***** INFORMATION GIVEN
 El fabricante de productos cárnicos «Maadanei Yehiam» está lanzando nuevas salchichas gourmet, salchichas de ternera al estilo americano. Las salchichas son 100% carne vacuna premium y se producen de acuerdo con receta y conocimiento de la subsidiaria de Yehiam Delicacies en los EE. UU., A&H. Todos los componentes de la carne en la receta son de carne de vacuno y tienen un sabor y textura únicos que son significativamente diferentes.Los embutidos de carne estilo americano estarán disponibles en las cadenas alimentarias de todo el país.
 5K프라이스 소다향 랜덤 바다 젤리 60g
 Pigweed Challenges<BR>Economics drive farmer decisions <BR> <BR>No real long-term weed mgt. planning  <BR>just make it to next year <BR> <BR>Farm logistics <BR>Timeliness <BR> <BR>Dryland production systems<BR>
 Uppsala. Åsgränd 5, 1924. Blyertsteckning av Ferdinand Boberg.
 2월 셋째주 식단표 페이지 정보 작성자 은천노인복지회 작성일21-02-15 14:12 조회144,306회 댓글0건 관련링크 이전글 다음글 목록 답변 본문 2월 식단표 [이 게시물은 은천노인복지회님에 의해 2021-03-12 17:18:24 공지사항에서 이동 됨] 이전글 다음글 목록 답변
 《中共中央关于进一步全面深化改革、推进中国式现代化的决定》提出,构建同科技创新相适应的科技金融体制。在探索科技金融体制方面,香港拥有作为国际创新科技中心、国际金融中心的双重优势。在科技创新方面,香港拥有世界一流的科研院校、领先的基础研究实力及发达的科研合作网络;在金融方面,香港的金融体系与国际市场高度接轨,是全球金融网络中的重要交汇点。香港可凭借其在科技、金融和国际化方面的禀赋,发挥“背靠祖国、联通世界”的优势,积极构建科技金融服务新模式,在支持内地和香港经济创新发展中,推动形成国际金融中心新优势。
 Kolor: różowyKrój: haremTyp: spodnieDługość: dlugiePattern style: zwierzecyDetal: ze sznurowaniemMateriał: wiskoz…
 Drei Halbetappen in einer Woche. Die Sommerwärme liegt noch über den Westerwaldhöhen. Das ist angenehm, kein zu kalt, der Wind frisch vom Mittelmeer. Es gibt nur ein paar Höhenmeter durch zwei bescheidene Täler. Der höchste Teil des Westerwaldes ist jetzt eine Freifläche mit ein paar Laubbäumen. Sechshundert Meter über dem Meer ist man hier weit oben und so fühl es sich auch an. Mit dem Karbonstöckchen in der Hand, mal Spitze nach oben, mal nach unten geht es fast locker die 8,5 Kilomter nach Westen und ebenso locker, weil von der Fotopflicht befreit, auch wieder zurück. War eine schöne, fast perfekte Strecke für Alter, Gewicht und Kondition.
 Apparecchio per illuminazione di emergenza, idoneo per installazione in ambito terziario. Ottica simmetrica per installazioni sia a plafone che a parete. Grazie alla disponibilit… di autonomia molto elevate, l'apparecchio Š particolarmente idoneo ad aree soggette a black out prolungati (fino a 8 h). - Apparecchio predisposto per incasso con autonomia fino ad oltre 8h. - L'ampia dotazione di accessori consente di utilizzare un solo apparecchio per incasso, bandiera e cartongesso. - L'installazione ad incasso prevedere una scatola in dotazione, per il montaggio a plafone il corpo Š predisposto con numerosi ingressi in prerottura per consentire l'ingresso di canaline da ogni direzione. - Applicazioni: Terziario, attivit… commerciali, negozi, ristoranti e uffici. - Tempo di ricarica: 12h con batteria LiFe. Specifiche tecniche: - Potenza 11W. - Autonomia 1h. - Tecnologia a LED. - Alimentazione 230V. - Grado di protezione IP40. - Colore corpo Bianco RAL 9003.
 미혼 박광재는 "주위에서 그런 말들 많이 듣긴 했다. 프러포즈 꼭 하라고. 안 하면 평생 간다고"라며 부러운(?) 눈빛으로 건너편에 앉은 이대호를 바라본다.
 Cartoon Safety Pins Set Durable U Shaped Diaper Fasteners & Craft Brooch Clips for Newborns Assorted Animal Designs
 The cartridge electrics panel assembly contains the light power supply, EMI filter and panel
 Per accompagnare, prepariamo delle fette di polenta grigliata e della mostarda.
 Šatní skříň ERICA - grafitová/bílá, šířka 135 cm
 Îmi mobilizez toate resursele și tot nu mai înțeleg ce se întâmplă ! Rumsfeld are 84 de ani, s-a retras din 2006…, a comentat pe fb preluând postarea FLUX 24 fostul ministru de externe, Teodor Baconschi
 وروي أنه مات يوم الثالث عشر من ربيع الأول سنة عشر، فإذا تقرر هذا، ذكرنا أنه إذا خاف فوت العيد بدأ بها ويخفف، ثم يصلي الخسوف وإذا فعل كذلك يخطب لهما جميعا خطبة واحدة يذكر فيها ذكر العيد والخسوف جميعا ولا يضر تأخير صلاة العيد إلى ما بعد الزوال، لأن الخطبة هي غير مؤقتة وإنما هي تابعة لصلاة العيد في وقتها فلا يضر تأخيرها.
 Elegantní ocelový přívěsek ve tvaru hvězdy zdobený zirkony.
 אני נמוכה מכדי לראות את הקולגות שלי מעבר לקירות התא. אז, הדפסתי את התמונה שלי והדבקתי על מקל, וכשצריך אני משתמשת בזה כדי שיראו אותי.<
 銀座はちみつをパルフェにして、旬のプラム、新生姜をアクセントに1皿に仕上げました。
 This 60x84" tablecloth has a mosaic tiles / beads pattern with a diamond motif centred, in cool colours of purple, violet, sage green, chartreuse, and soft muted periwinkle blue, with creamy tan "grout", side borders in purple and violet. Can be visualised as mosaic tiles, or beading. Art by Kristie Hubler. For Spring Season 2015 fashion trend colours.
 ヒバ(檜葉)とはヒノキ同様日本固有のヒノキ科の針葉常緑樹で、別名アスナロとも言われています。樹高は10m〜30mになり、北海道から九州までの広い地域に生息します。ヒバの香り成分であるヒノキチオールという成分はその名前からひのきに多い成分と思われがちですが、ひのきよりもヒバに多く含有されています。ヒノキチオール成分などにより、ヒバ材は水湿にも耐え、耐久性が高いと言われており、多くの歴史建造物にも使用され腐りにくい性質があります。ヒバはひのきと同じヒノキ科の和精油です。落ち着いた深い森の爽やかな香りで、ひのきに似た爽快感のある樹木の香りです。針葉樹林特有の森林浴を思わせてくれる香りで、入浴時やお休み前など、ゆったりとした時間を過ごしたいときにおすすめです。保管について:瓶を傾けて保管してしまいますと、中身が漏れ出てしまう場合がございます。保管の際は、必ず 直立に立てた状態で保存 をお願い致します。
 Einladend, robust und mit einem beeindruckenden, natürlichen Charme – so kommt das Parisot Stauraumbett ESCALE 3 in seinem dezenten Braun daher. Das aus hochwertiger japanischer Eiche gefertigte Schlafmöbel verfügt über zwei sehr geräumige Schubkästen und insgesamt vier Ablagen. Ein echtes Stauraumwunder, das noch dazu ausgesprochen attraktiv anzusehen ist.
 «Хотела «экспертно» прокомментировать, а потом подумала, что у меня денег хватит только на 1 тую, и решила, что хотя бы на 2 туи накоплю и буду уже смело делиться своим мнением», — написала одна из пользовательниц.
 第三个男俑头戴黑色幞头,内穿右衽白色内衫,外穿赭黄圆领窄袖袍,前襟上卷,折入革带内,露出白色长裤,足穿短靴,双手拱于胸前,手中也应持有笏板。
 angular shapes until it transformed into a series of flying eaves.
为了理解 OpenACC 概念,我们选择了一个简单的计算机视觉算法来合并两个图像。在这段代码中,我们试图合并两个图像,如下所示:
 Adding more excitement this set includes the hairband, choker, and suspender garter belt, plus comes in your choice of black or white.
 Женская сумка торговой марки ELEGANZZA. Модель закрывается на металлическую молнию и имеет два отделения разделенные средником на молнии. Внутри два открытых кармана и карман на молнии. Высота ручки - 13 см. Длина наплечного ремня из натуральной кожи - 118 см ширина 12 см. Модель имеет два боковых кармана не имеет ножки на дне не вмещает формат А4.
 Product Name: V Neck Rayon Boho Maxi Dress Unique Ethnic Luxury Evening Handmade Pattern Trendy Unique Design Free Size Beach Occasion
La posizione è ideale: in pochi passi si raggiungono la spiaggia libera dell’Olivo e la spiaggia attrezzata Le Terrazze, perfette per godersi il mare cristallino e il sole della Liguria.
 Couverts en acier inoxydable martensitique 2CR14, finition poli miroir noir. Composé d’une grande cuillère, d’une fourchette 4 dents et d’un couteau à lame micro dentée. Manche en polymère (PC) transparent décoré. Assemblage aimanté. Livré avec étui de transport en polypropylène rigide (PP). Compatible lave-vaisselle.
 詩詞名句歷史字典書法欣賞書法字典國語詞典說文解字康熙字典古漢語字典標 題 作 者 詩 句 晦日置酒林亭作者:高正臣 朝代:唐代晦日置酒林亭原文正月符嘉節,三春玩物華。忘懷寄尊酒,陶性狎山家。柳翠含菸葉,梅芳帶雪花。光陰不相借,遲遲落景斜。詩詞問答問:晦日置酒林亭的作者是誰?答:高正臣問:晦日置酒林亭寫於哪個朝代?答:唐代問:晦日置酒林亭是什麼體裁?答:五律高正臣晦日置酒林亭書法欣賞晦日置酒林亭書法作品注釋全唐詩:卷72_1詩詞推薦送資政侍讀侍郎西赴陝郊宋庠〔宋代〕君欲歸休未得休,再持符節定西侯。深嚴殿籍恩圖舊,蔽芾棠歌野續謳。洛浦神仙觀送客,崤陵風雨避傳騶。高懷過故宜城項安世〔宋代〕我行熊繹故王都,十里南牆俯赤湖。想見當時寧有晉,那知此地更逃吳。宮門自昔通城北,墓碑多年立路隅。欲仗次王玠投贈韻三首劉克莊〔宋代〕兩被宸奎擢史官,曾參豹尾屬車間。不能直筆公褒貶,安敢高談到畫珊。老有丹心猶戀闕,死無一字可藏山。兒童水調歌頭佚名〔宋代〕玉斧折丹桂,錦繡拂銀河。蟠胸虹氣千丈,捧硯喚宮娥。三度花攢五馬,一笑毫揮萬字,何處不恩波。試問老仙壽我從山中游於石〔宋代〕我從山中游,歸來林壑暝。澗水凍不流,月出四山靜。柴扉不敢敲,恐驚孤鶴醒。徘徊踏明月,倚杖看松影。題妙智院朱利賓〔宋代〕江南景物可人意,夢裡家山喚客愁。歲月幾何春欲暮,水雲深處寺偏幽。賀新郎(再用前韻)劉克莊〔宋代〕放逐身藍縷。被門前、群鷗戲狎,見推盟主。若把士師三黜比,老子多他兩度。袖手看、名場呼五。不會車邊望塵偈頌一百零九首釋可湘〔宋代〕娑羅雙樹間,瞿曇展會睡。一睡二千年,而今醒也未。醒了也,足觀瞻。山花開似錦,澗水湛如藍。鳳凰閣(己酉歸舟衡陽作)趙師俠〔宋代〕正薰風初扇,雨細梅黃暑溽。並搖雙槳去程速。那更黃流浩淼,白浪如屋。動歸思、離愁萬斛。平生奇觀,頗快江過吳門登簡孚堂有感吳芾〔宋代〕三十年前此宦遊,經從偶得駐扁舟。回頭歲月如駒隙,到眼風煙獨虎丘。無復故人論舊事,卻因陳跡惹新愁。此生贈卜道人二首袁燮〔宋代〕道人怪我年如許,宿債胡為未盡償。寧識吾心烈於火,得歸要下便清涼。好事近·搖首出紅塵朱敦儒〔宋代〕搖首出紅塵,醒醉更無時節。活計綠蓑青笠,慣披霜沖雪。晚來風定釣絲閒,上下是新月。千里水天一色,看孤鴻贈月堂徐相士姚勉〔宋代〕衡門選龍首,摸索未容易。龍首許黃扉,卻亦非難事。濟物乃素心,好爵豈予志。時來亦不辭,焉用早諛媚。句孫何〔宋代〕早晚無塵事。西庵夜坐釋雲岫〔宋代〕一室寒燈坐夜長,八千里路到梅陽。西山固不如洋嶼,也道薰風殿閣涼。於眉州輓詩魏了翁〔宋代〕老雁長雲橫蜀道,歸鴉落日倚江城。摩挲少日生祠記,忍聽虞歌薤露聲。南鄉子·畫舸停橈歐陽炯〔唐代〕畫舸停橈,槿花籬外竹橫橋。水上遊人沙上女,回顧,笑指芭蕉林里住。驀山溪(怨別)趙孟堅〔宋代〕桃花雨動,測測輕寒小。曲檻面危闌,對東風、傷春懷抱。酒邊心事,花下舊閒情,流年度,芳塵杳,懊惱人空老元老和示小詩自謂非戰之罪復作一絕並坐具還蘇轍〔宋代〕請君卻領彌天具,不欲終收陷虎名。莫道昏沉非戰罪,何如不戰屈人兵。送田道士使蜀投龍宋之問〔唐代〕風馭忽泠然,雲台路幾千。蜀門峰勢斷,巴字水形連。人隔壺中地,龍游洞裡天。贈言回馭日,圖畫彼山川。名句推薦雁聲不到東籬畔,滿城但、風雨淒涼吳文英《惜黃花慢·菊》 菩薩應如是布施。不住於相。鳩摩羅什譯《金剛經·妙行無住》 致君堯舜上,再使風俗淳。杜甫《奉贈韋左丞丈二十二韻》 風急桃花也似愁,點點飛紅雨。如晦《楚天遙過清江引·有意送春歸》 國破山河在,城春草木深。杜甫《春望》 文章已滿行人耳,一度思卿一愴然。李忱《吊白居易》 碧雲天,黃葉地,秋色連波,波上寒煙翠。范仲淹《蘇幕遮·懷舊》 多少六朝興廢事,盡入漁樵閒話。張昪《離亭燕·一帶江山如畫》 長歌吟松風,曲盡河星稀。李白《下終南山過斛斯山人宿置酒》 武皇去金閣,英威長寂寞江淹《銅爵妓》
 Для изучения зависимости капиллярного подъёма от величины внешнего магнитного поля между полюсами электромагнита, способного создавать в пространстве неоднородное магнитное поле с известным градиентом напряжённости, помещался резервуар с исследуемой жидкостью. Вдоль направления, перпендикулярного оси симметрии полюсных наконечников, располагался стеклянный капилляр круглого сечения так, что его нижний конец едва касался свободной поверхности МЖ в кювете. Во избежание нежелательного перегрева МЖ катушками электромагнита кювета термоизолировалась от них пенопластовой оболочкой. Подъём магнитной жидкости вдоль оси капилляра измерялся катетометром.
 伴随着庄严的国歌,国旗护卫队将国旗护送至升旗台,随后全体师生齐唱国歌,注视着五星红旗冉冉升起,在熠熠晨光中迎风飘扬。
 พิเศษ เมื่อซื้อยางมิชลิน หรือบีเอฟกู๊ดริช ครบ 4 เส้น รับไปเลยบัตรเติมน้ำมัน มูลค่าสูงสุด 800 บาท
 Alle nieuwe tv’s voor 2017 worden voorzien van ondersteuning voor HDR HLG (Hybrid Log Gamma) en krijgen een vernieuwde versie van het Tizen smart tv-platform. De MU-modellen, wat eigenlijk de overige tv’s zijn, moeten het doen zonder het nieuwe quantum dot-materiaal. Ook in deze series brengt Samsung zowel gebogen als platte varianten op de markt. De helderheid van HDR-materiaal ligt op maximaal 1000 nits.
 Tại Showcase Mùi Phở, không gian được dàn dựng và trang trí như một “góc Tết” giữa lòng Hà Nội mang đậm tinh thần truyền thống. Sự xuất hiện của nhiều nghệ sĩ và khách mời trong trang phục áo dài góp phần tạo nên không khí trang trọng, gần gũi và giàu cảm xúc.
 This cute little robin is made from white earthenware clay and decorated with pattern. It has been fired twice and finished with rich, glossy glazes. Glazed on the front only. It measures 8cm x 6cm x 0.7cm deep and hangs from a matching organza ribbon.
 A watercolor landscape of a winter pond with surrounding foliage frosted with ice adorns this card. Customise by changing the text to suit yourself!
**********
> [AIM OF THE TASK]: Only the lines above starting with the one with "2월 셋째주 식단표 페이지" and going through the one with "Kolor: różowyKrój: haremTyp: spodnieDługość: dlugiePattern" are to be copied, word for word and with both ends kept.

> [COMPLETED EXERCISE]:
 2월 셋째주 식단표 페이지 정보 작성자 은천노인복지회 작성일21-02-15 14:12 조회144,306회 댓글0건 관련링크 이전글 다음글 목록 답변 본문 2월 식단표 [이 게시물은 은천노인복지회님에 의해 2021-03-12 17:18:24 공지사항에서 이동 됨] 이전글 다음글 목록 답변
 《中共中央关于进一步全面深化改革、推进中国式现代化的决定》提出,构建同科技创新相适应的科技金融体制。在探索科技金融体制方面,香港拥有作为国际创新科技中心、国际金融中心的双重优势。在科技创新方面,香港拥有世界一流的科研院校、领先的基础研究实力及发达的科研合作网络;在金融方面,香港的金融体系与国际市场高度接轨,是全球金融网络中的重要交汇点。香港可凭借其在科技、金融和国际化方面的禀赋,发挥“背靠祖国、联通世界”的优势,积极构建科技金融服务新模式,在支持内地和香港经济创新发展中,推动形成国际金融中心新优势。
 Kolor: różowyKrój: haremTyp: spodnieDługość: dlugiePattern style: zwierzecyDetal: ze sznurowaniemMateriał: wiskoz…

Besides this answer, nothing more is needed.